Goal of the exercise ::
Could you give again exactly, and only, the lines from the one holding "Part of a project" through the end of the data, both ends included, with pictures left out?

*** Opening Material for the task ***

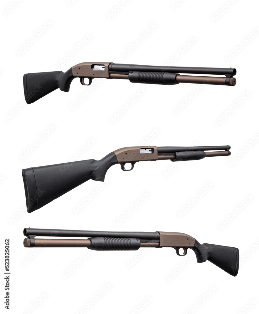 Pump-action 12 gauge shotgun isolated on a white back. A smooth-bore weapon with a plastic stock.
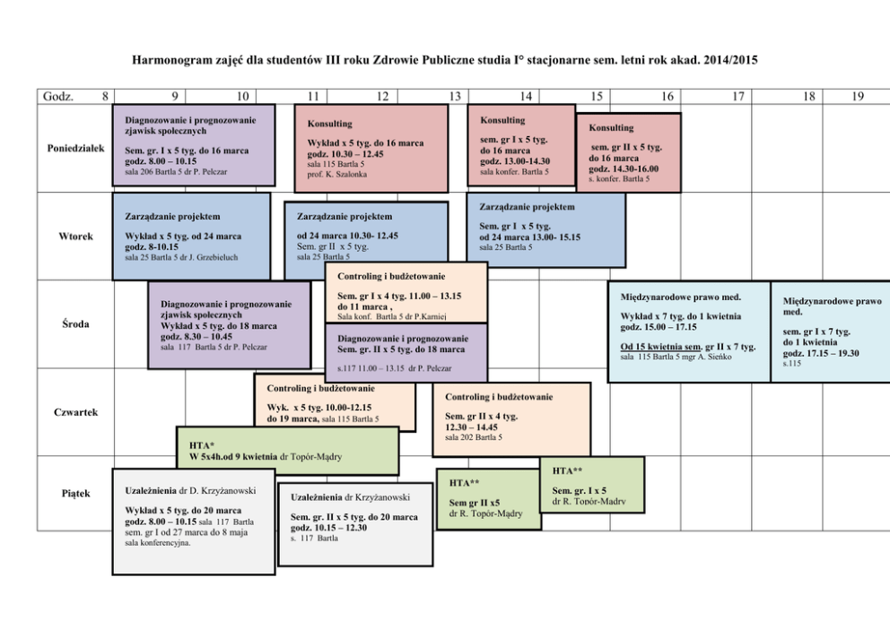 Harmonogram zajęć dla studentów III roku Zdrowie Publiczne studia I° stacjonarne sem. letni rok akad. 2014/2015 Godz. 8 9 10 11 Diagnozowanie i prognozowanie zjawisk społecznych Poniedziałek Sem. gr. I x 5 tyg. do 16 marca godz. 8.00 – 10.15 13 14 Konsulting Konsulting Wykład x 5 tyg. do 16 marca godz. 10.30 – 12.45 sem. gr I x 5 tyg. do 16 marca godz. 13.00-14.30 sala 115 Bartla 5 prof. K. Szalonka sala 206 Bartla 5 dr P. Pelczar Wtorek 12 Zarządzanie projektem Zarządzanie projektem Wykład x 5 tyg. od 24 marca godz. 8-10.15 od 24 marca 10.30- 12.45 Sem. gr II x 5 tyg. sala 25 Bartla 5 dr J. Grzebieluch sala 25 Bartla 5 15 16 17 18 19 Konsulting sem. gr II x 5 tyg. do 16 marca godz. 14.30-16.00 sala konfer. Bartla 5 s. konfer. Bartla 5 Zarządzanie projektem Sem. gr I x 5 tyg. od 24 marca 13.00- 15.15 sala 25 Bartla 5 Controling i budżetowanie Środa Diagnozowanie i prognozowanie zjawisk społecznych Wykład x 5 tyg. do 18 marca godz. 8.30 – 10.45 sala 117 Bartla 5 dr P. Pelczar Sem. gr I x 4 tyg. 11.00 – 13.15 do 11 marca , Międzynarodowe prawo med. Sala konf. Bartla 5 dr P.Karniej Wykład x 7 tyg. do 1 kwietnia godz. 15.00 – 17.15 Diagnozowanie i prognozowanie Sem. gr. II x 5 tyg. do 18 marca Od 15 kwietnia sem. gr II x 7 tyg. sala 115 Bartla 5 mgr A. Sieńko s.117 11.00 – 13.15 dr P. Pelczar Controling i budżetowanie Wyk. x 5 tyg. 10.00-12.15 do 19 marca, sala 115 Bartla 5 dr P. Karniej Czwartek Controling i budżetowanie Sem. gr II x 4 tyg. 12.30 – 14.45 sala 202 Bartla 5 HTA* W 5x4h.od 9 kwietnia dr Topór-Mądry HTA** Piątek Uzależnienia dr D. Krzyżanowski Wykład x 5 tyg. do 20 marca godz. 8.00 – 10.15 sala 117 Bartla sem. gr I od 27 marca do 8 maja sala konferencyjna. HTA** Uzależnienia dr Krzyżanowski Sem. gr. II x 5 tyg. do 20 marca godz. 10.15 – 12.30 s. 117 Bartla Sem gr II x5 dr R. Topór-Mądry Sem. gr. I x 5 dr R. Topór-Mądry Międzynarodowe prawo med. sem. gr I x 7 tyg. do 1 kwietnia godz. 17.15 – 19.30 s.115 * HTA wykłady z dr Toporem-Mądrym od godz. 9.00 – 12.00 w terminach i salach Ul. Bartla 5: 9 i 16 IV – sala 106 7 i 28 V; 4 VI – sala 117 ** HTA seminaria: 10 i 17 IV– gr II godz. 12. 30 – 14 sala konferencyjna oraz 8 V gr. I godz. 14.00 – 15.30 s. 115 29 V i 5 VIgr II godz. 12. 30 – 14 sala 10 gr. I godz. 14.00 – 15.30 sala 10
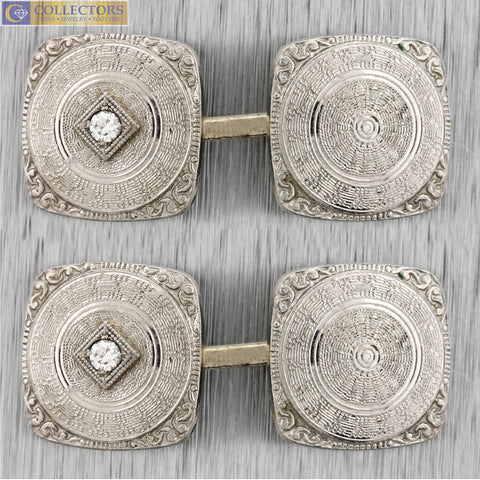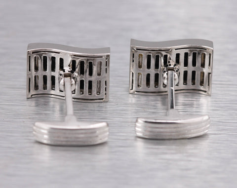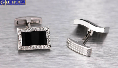 Men's Vintage Estate 14K White Gold 0.64ctw Diamond Onyx Rectangle Cufflinks
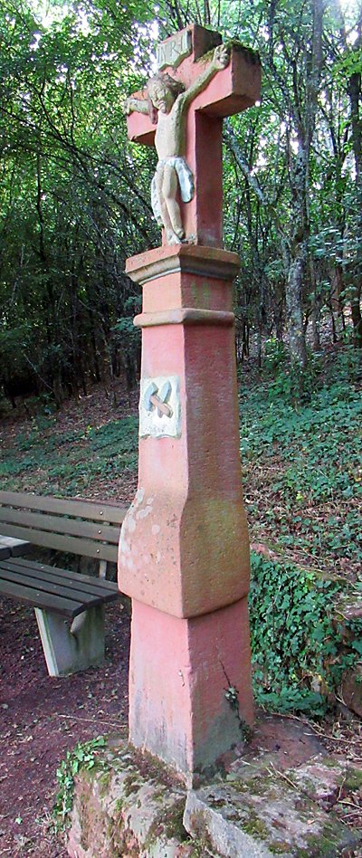 Schaftkreuz aus der Mitte des 17. Jahrhunderts. [...] Eine Inschrift fehlt völlig, lediglich ein Wappenschild schmückt den Kreuzschaft. Darin sind Hammer und Meißel als Berufszeichen des Steinmetzes zu erkennen. [1]
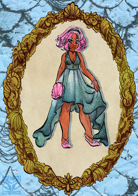 Part of a project in which I designed a mermaid and the 'human ' version as a 'fashion collection'.
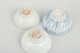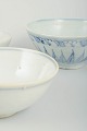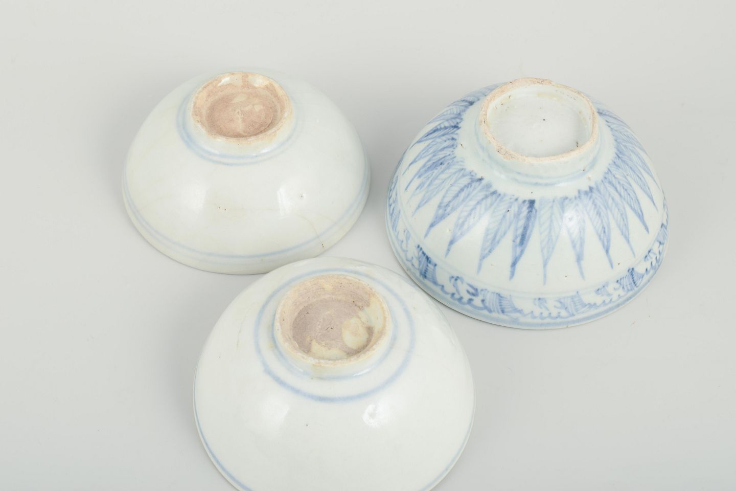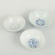 Three thrown porcelain bowls with underglaze decoration in blue tones. Two decorated inside with floral and leaf motifs, the third with simple concentric circles.

*** Closing Material for the task ***

Task answer ::
 Part of a project in which I designed a mermaid and the 'human ' version as a 'fashion collection'.
 Three thrown porcelain bowls with underglaze decoration in blue tones. Two decorated inside with floral and leaf motifs, the third with simple concentric circles.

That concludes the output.